In the event the repair took 30 days, thanks largely to the good humour and drive of the ship supervisor (“Hoss”), whose parting gift was a pair of white overalls left over from his previous job at the Navy Yard in Jacksonville, Florida. They became my painting overalls at home and wore out eventually, but a rectangle cut from the back and bearing the blue embroidered legend “SUPSHIPJAX”, is framed on my workshop wall.

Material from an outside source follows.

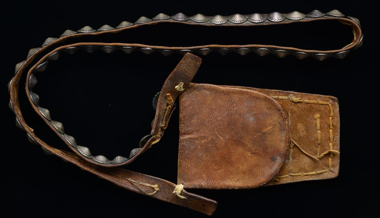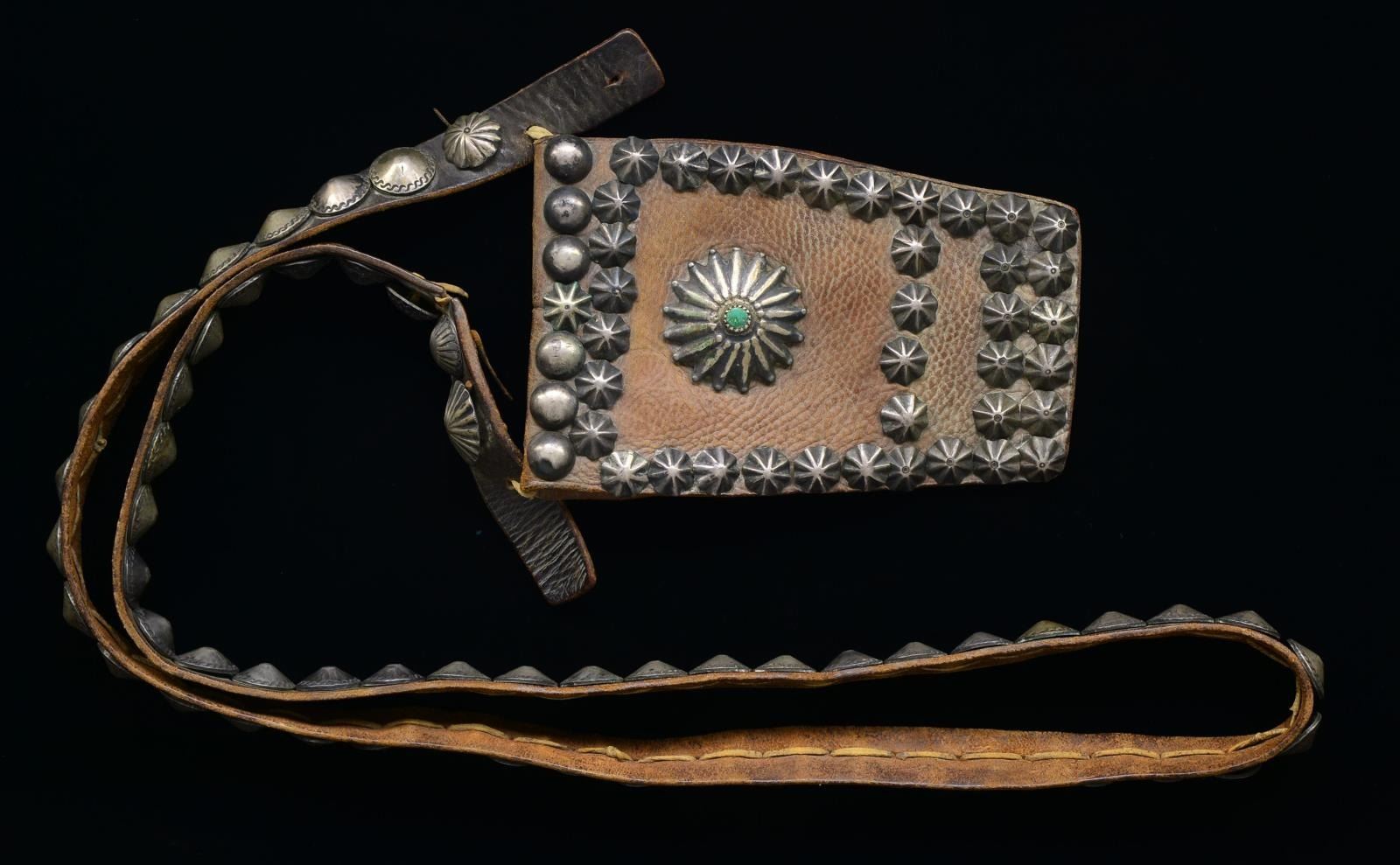 Navajo commercial leather bandolier, mounted in coin silver, both strap & pouch profusely embellished w/ about 100 stamped fluted & domed silver conchos many w/ engraved decoration. Trapezoidal 8" pouch flap has large sunburst-shaped concha w/ serrated bezel w/ small turquoise setting. 35" Overall, 60" strap. Second quarter 20th century. CONDITION: very good overall. (02-14593/JS). $1,500-2,000.

Turning the ship around as they did, in a way that Garden Island Dockyard (GID) could not have imagined, was a remarkable achievement. We were set, I thought, to be warmly welcomed back to Sea Dragon by our USN friends but unhappily this was not to be. First the Surface Search Radar (SPS10) and then Long Range Air Search Radar (SPS52, I hope I’ve got that right) played up, leading to much frustration all round, and we departed for IV Corps.

Harry Daish mentioned that the Board of Inquiry did not seek input from Hobart. I suspect that FOCAF or Navy Office got some sort of a guernsey though, because word filtered through to us that the RAN had turned down a US offer to pay for the repair, on “fog of war” grounds – friendly fire happens and where will it all end if allies start paying each other for their mistakes – which seems sensible.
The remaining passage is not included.